Dominic: Tout d’abord, je préfère parler de protéine animale, qui est plus vaste que de parler de viande. Sinon, on pense juste à du steak, mais en parlant de protéine animale, ça inclut les œufs, le lait, le fromage, entre autres produits. La protéine animale est «complète» parce qu’elle contient tous les acides aminés, dans les bonnes proportions, essentielles au bon fonctionnement du corps humain. Et contrairement à la majorité de ces aliments à base de plante (pensez lait d’avoine, faux-œufs et burger de plante) qu’on nous propose, elle fait partie du groupe select des aliments frais, non transformés et non enrichis qui devraient constituer l’essentiel de notre alimentation. En ce sens, je me demande donc pourquoi on devrait s’en passer?
— Quelle est la motivation première de faire une transition vers un régime végane?
Jean-François: C’est vraiment la question de la souffrance animale. Tu ne veux pas que les animaux souffrent pour te nourrir. Devenir végane, c’est facile. C’est une série de petits choix quotidiens qui deviennent vite de bonnes habitudes. Les aspects nutritionnels, santé et écologiques ne sont que des bonus. D’ailleurs, il est fort possible de mener plusieurs combats à la fois, c’est-à-dire d’être végane, éthique, zéro déchet, etc.
— On a beaucoup parlé de biodiversité en 2022, avec la COP15 qui se tenait à Montréal en décembre dernier. Où se place votre idéologie alimentaire dans ce discours environnemental?
Dominic: La défense de la biodiversité, c’est réellement central dans ma prise de position. Je crois que c’est en diversifiant notre agriculture qu’on va créer des habitats naturels en santé et ainsi stimuler les écosystèmes. Il faut occuper le territoire!
Jean-François: La production animale contribue directement à l’extinction de certaines espèces, à la déforestation ainsi qu’à la création de zones mortes dans les océans. Transitionner vers un monde végane nous permettrait d’utiliser toutes les terres utilisées pour la production de protéines animales d’une autre façon. Je ne suis pas expert, mais à mon avis, on pourrait laisser certaines de ces terres revenir à l’état sauvage, alors que d’autres seraient utilisées pour des cultures utiles comme les légumineuses, le blé et les légumes.
— Et le locavorisme, dans tout ça, vous en pensez quoi?
Dominic: Je milite tout à fait pour ça, c’est au centre de mon discours. Ça revient à faire plus avec ce qu’on a: de manger la viande, boire le lait, faire du fromage avec la même bête. C’est de manger ce qui est de saison et surtout de cuisiner plus. Les véganes, eux, refusent tout simplement de manger des bêtes. Jean-François va dire qu’il n’est pas contre le locavorisme, mais que ce n’est pas une priorité.

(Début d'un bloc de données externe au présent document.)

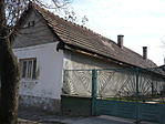 Hulló és/vagy javított vakolat, rácsok az ablakokon, cseréphiány, repedés az oromfalon.

Jean-François: C’est potentiellement possible d’être végane et locavore. Par exemple, je miserais sur les serres verticales en ville afin de produire des fruits et des légumes. On a les moyens pour ça. Cependant, le locavorisme est moins écologique que le véganisme, selon plusieurs études*.
— L’inflation s’est beaucoup fait sentir sur la facture d’épicerie l’an dernier et elle n’est pas prête de ralentir. Qu’avez-vous à dire à quiconque est soucieux de faire des économies, tout en continuant de bien manger?
Dominic: Il n’y a rien de mieux que de manger ce qu’on produit. Si les gens on le luxe de l’essayer, je crois que ça vaut la peine de miser sur l’agriculture citoyenne, de cultiver une partie de ses denrées.
Jean-François: Parmi les produits les moins chers à l’épicerie, il y a les produits véganes, comme les fruits et légumes, les pâtes et les légumineuses. La viande, c’est cher. De mon côté, on me demande souvent ce que je mange. Oui, des fois, je vais me permettre les fameuses saucisses véganes ou des produits transformés. Ça en prend aussi. J’aime faire des caris, des pizzas, des tacos.
— Quel truc donner à quelqu’un qui souhaiterait passer au véganisme, mais qui ne sait pas par où commencer?
Jean-François: Je conseille toujours d’arrêter d’acheter des protéines animales, mais de manger ce qu’il reste dans le frigo, puis de repartir à zéro. Mon truc, c’est de prendre des recettes qu’on aime déjà et de les véganiser.
* Énormément de sources sont citées et bien identifiées dans le livre afin que le lecteur puisse les consulter lui-même.